The one constant element of agency IT projects

 

Connecting state and local government leaders

Creating a tag cloud from the GCN Awards' winning nominations reveals the one thing that, no matter the project, is on everyone's mind.

I recently copied the text of the nomination forms for the 10 projects that won this year’s GCN Awards (14,659 words in all) into TagCrowd, which automatically makes one of those bubble charts that visualize word frequency. It also shows related words in rough proximity to one another. Common words like “system” were filtered out.

I thought that, given the times and the nature of the awards, the word “savings” or least “cost” would have hit the top 50 words.  Nope, frugality was nowhere to be found. Neither was “computer,” “digital,” “cloud,” "laptop” or “server.”

The list of my incorrect assumptions goes on.

I should have guessed: “secure,” with 94 occurrences and positioned at the center of the chart, followed by health (72), users (61), online (60) and performance (38).

Now if I were to separately summarize the common themes from this year’s winning  systems, I would break it down like this.

E-health: Three of the 10 projects (see story on Page 6) are in fact related to health care and, specifically, in making personal and population health information available electronically to beneficiaries and public health officials. This is the year, in the eyes of the our judges, that government e-health systems punched through the doldrums of planning to make a statement of effectiveness and value.

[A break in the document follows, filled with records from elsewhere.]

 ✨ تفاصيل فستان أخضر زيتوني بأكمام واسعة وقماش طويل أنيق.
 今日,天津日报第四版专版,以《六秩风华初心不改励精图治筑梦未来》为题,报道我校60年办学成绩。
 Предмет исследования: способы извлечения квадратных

No, “value" wasn’t on the list either.

User services: Several of the winning projects involve harnessing the enterprise — or in some cases the cloud — to significantly improve practical electronic services to agency users and workgroups. The General Services Administration’s move to Google's Gmail, the State Department's consular modernization project, and the Internal Revenue Service’s Modernized e-File systems all represent the big system processing parceled out to agency rank and file.

Extraordinary response: Several of the project winners involve the work of teams that, under tremendous time and pressure to maintain the safety of people or soldiers on the battlefield, mounted a rapid team response to highly complex technical problems.

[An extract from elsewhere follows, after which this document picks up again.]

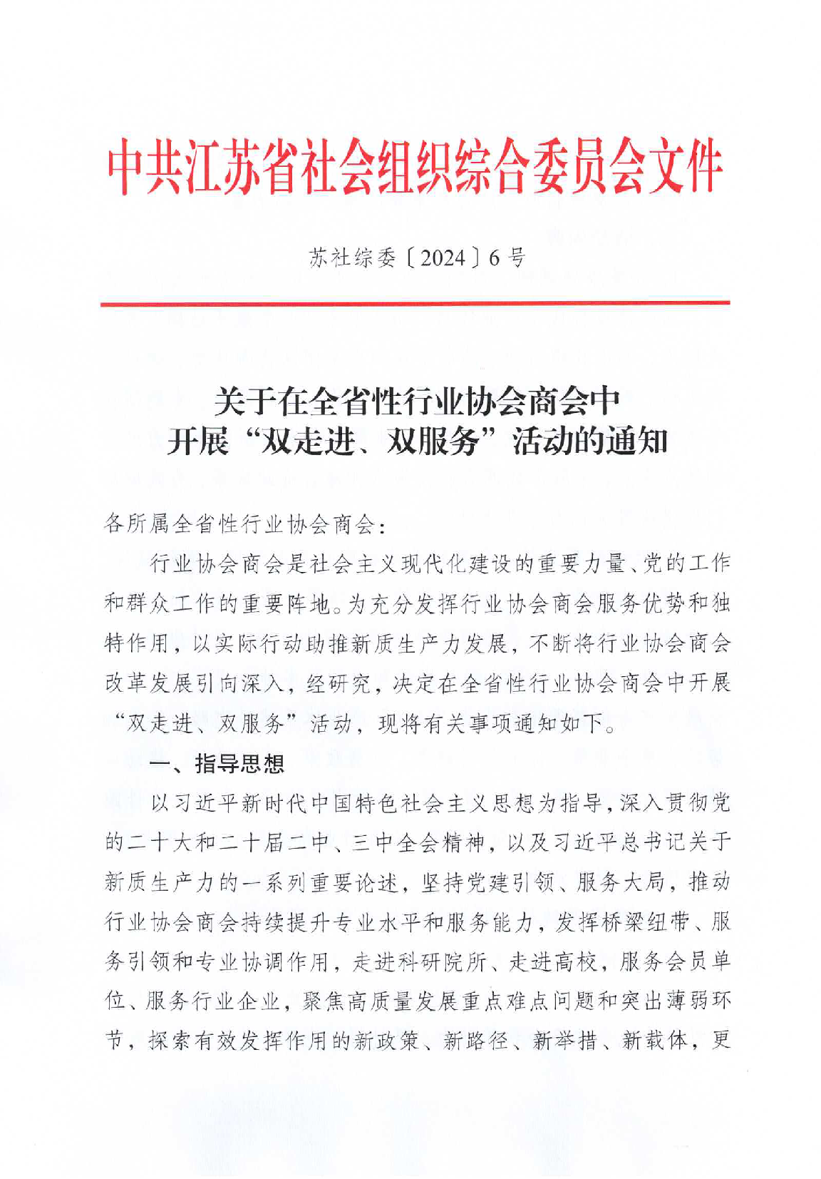 关于在全省性行业协会商会中开展“双走进、双服务”活动的通知
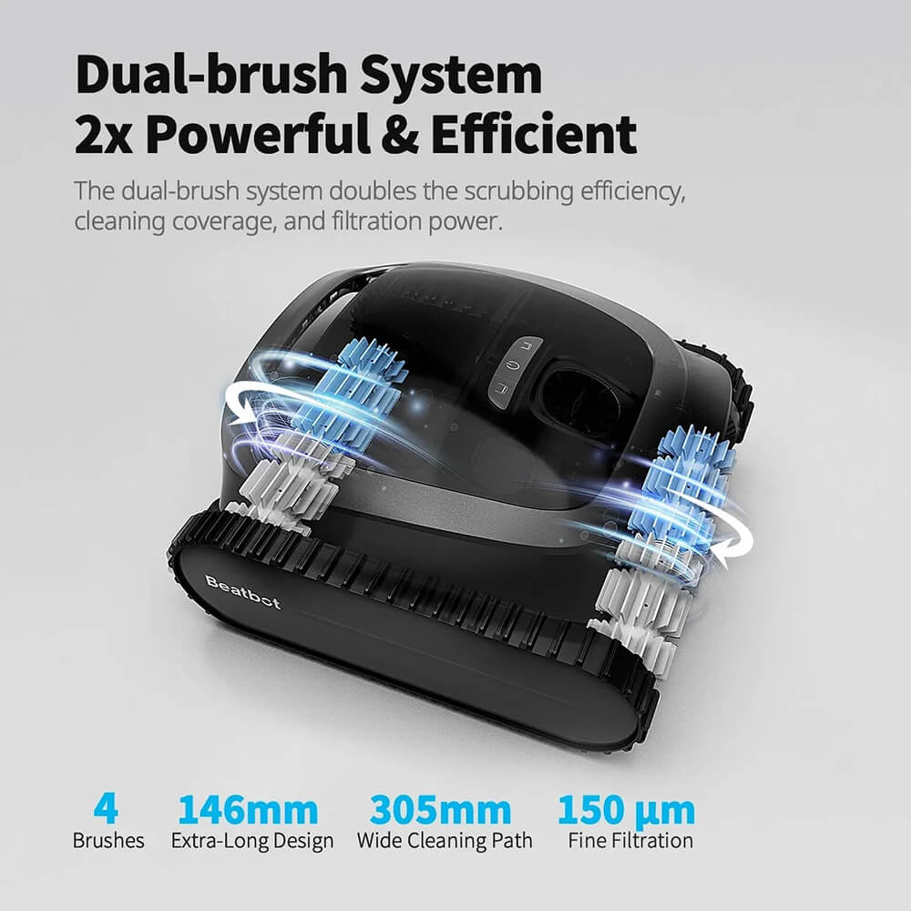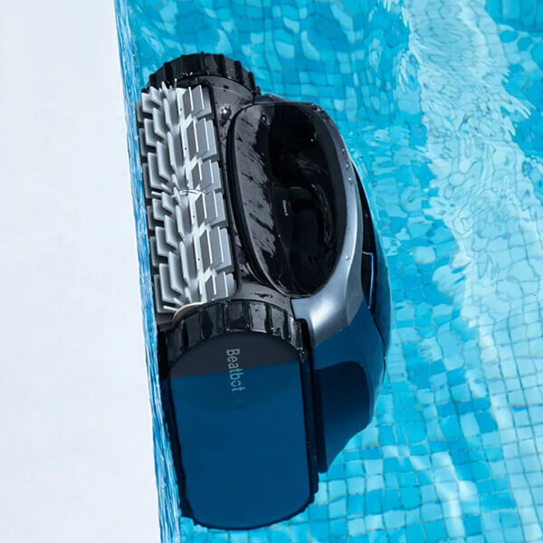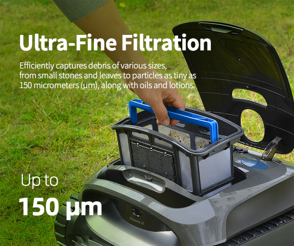 Behind the scenes, SonicSense ultrasonic sensing and CleverNav path planning work together to cover every zone with calm, deliberate passes (S-shape on floors, N-shape on walls and waterline). The dual-group (2×2) roller brushes lift stuck-on grime while fine filtration traps debris so water looks clearer after every cycle. A high-grip tracked drive and strong suction give it the confidence to climb and scrub, including curved/arc walls.

One project, the Army’s Combat Service Satellite Network team, found a way to deliver satellite bandwidth to troops in the remote terrain of Afghanistan when existing available commercial satellite capacity was all but used up. And the Transportation Security Administration successfully took over a job that had bedeviled the airline industry: creating an effective airline passenger watch-list system.

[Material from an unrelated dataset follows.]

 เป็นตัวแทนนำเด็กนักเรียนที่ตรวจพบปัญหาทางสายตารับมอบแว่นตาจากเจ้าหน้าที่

Only one project — Boston’s Citizen Connect — involved social media, a realm where large federal and state government agencies are still finding their footing. Cities, where government is nose to nose with constituents, are an ideal proving ground for the use of social media in government. They will show their federal and state counterparts the way ahead.

Speaking of social media, TagCrowd did produce the keyword that links all these projects: security, as in health information security, transportation security, communications security, military security. It shows that uncertain information security characterizes even the most otherwise successful government IT projects. I’ll bet that next year, it earns the biggest TagCrowd bubble, too.